Aim of the task — Would you copy the records exactly, leaving the pictures out?

Working data —
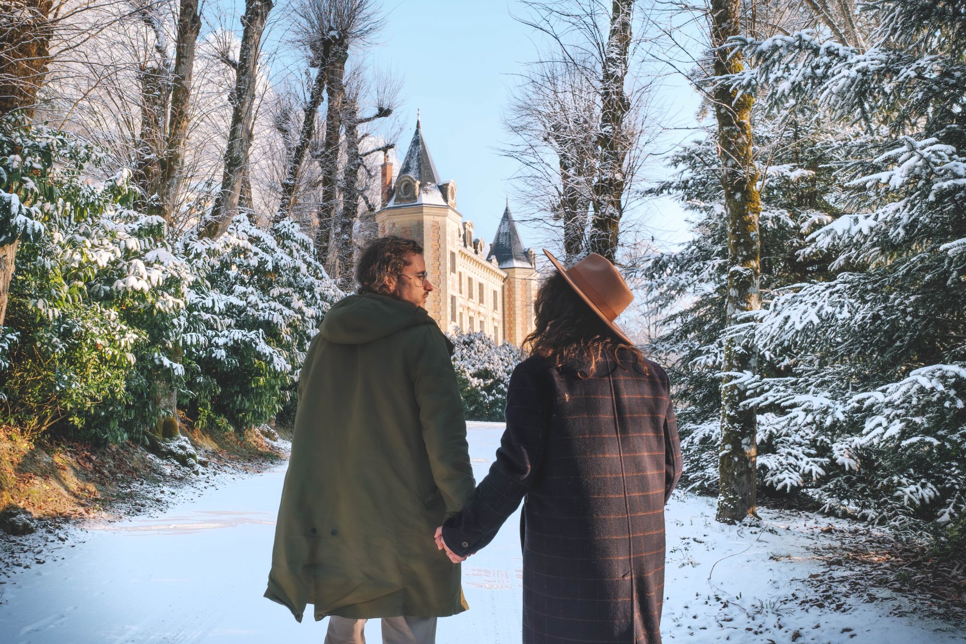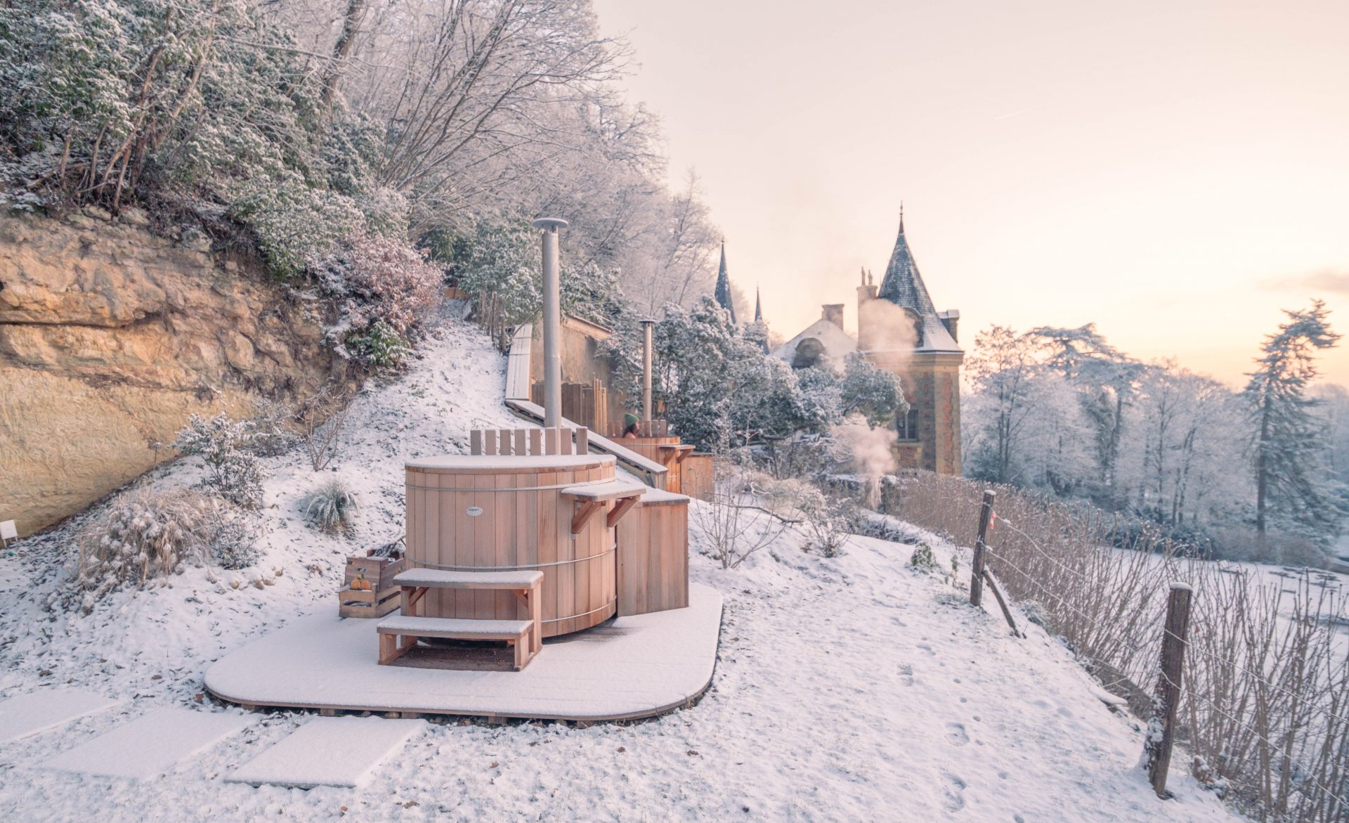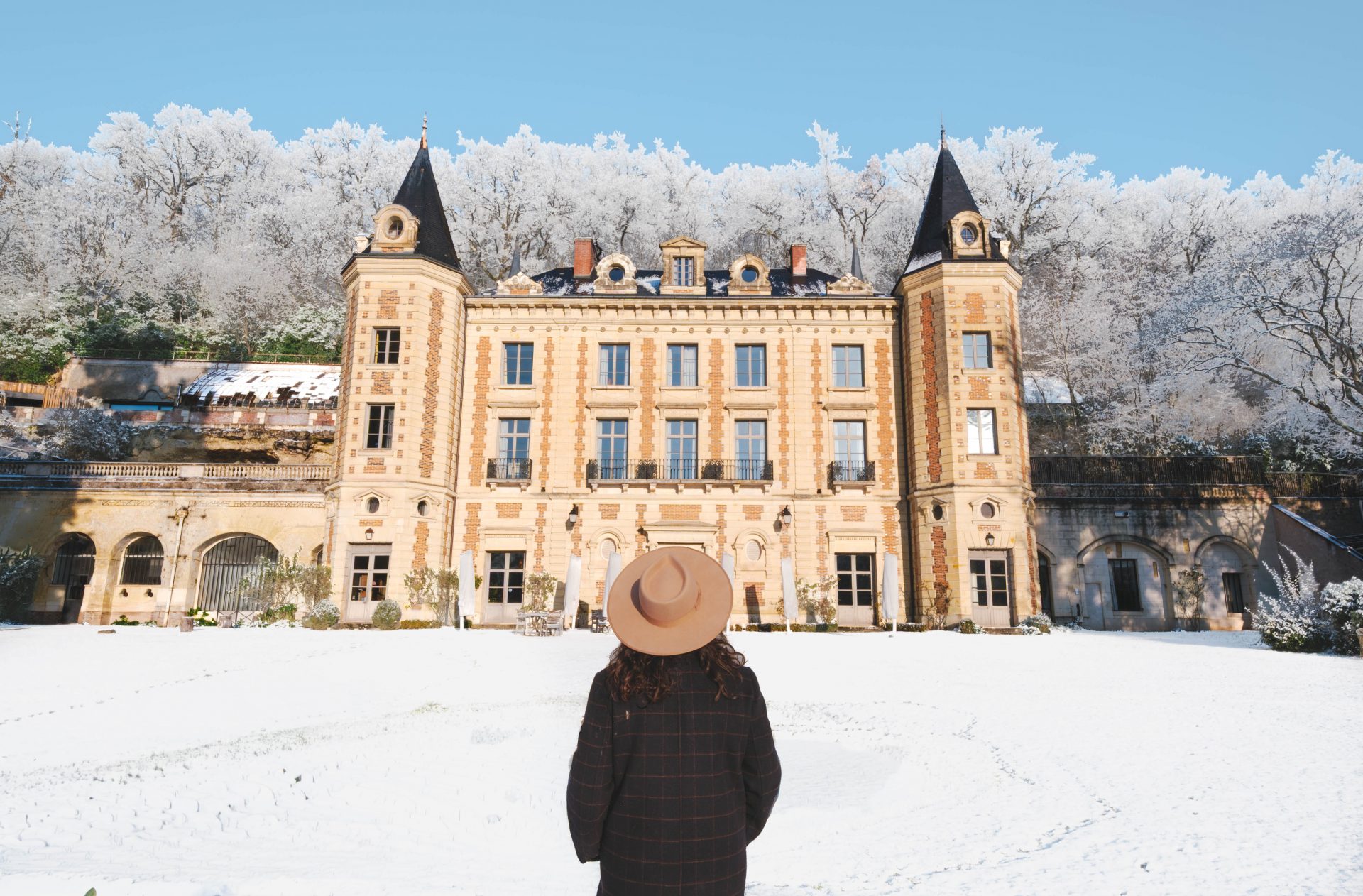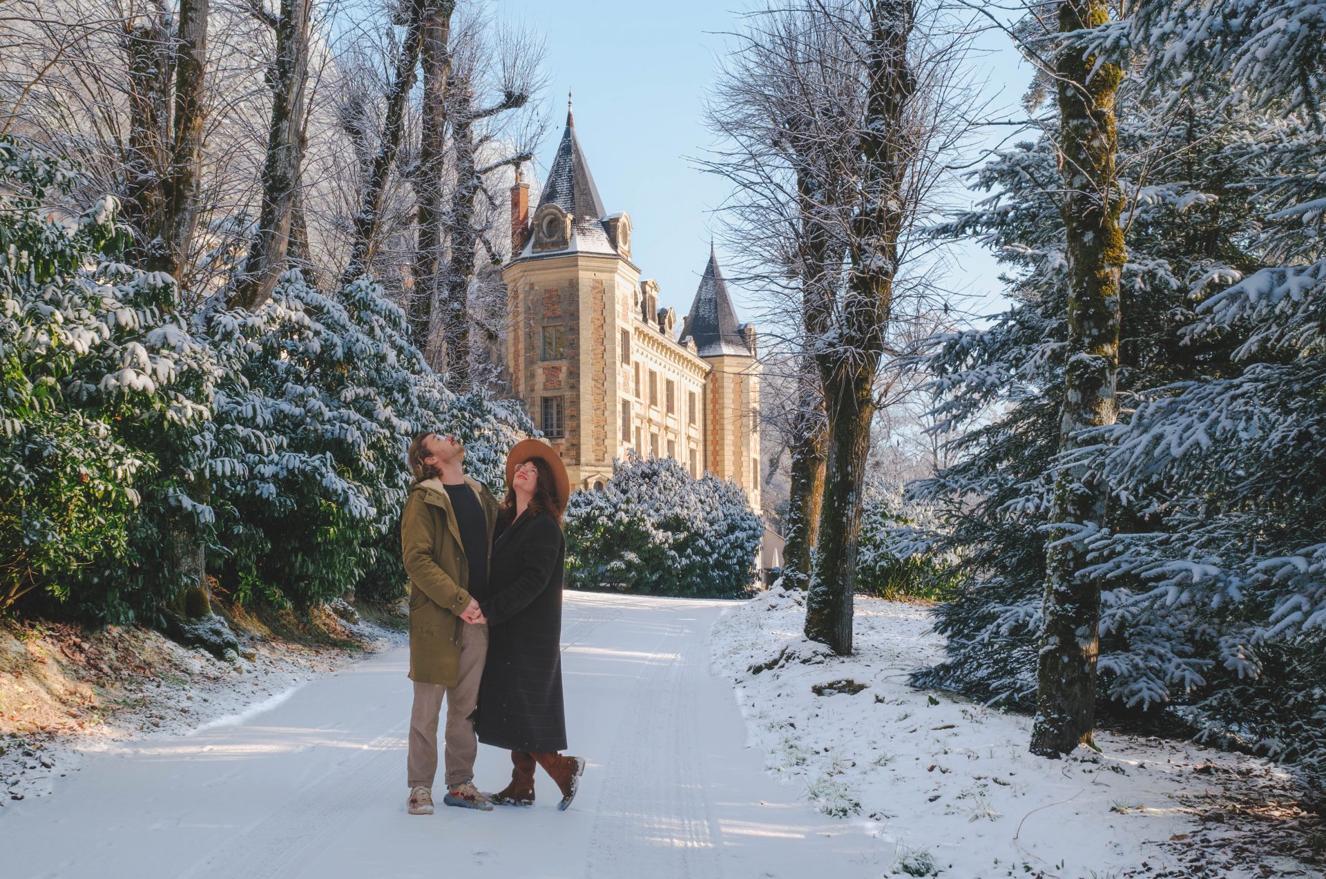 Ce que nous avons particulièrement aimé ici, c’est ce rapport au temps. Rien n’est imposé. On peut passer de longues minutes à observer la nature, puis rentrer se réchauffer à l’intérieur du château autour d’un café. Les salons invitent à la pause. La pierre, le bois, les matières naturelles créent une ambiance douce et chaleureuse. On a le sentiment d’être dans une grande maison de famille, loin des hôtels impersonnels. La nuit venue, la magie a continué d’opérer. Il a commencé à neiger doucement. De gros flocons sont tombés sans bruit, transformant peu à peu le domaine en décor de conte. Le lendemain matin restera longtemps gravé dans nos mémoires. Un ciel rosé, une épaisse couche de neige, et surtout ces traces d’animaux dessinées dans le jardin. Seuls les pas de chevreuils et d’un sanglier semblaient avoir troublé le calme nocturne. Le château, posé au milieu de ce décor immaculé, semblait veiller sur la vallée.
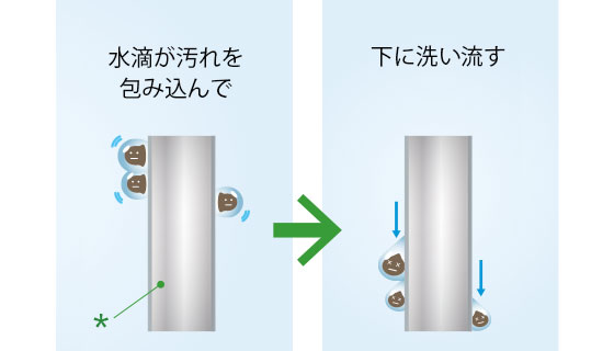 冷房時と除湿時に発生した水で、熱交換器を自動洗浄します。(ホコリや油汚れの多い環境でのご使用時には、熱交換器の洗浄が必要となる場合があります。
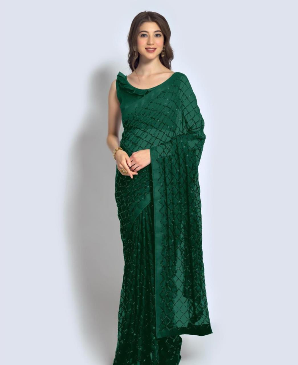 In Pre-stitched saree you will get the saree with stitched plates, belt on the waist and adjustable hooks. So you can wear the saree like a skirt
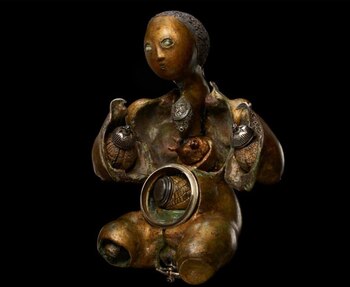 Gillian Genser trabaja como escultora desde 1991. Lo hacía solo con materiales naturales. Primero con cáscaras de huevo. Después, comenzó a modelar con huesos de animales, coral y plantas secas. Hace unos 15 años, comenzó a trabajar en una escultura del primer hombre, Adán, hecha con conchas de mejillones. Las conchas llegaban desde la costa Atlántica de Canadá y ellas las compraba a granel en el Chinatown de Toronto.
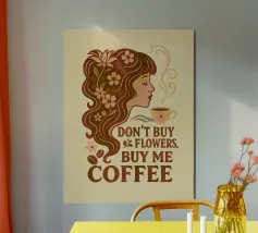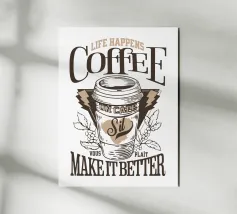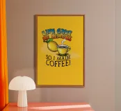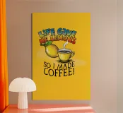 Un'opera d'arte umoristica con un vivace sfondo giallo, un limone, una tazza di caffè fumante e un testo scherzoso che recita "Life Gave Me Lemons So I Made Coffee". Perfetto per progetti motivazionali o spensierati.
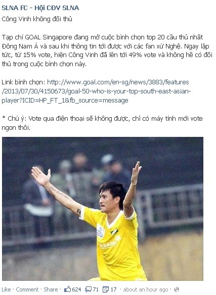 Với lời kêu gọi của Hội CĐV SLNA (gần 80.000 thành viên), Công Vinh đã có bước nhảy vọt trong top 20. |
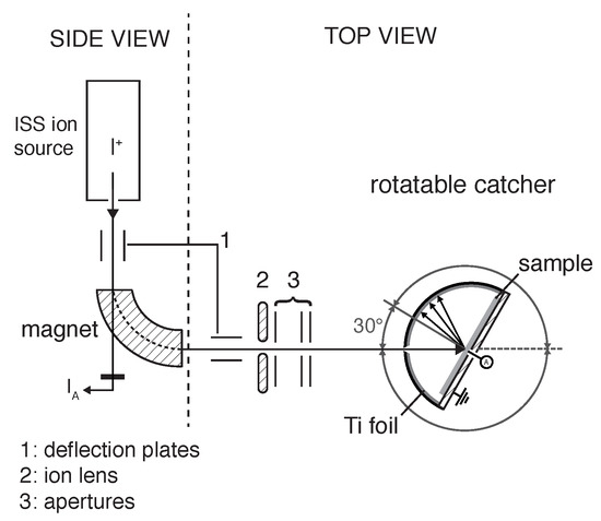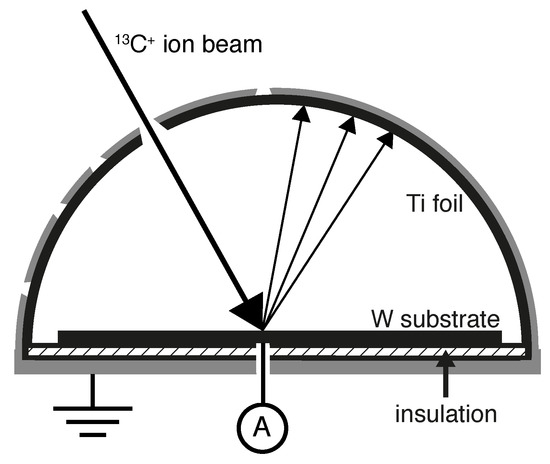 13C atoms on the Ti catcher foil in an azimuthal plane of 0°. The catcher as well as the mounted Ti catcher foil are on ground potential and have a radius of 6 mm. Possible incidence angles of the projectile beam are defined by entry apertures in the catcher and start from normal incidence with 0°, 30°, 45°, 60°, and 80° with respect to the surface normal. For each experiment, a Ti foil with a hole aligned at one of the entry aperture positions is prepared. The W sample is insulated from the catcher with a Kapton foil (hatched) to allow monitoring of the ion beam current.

Response below —
 Ce que nous avons particulièrement aimé ici, c’est ce rapport au temps. Rien n’est imposé. On peut passer de longues minutes à observer la nature, puis rentrer se réchauffer à l’intérieur du château autour d’un café. Les salons invitent à la pause. La pierre, le bois, les matières naturelles créent une ambiance douce et chaleureuse. On a le sentiment d’être dans une grande maison de famille, loin des hôtels impersonnels. La nuit venue, la magie a continué d’opérer. Il a commencé à neiger doucement. De gros flocons sont tombés sans bruit, transformant peu à peu le domaine en décor de conte. Le lendemain matin restera longtemps gravé dans nos mémoires. Un ciel rosé, une épaisse couche de neige, et surtout ces traces d’animaux dessinées dans le jardin. Seuls les pas de chevreuils et d’un sanglier semblaient avoir troublé le calme nocturne. Le château, posé au milieu de ce décor immaculé, semblait veiller sur la vallée.
 冷房時と除湿時に発生した水で、熱交換器を自動洗浄します。(ホコリや油汚れの多い環境でのご使用時には、熱交換器の洗浄が必要となる場合があります。
 In Pre-stitched saree you will get the saree with stitched plates, belt on the waist and adjustable hooks. So you can wear the saree like a skirt
 Gillian Genser trabaja como escultora desde 1991. Lo hacía solo con materiales naturales. Primero con cáscaras de huevo. Después, comenzó a modelar con huesos de animales, coral y plantas secas. Hace unos 15 años, comenzó a trabajar en una escultura del primer hombre, Adán, hecha con conchas de mejillones. Las conchas llegaban desde la costa Atlántica de Canadá y ellas las compraba a granel en el Chinatown de Toronto.
 Un'opera d'arte umoristica con un vivace sfondo giallo, un limone, una tazza di caffè fumante e un testo scherzoso che recita "Life Gave Me Lemons So I Made Coffee". Perfetto per progetti motivazionali o spensierati.
 Với lời kêu gọi của Hội CĐV SLNA (gần 80.000 thành viên), Công Vinh đã có bước nhảy vọt trong top 20. |
 13C atoms on the Ti catcher foil in an azimuthal plane of 0°. The catcher as well as the mounted Ti catcher foil are on ground potential and have a radius of 6 mm. Possible incidence angles of the projectile beam are defined by entry apertures in the catcher and start from normal incidence with 0°, 30°, 45°, 60°, and 80° with respect to the surface normal. For each experiment, a Ti foil with a hole aligned at one of the entry aperture positions is prepared. The W sample is insulated from the catcher with a Kapton foil (hatched) to allow monitoring of the ion beam current.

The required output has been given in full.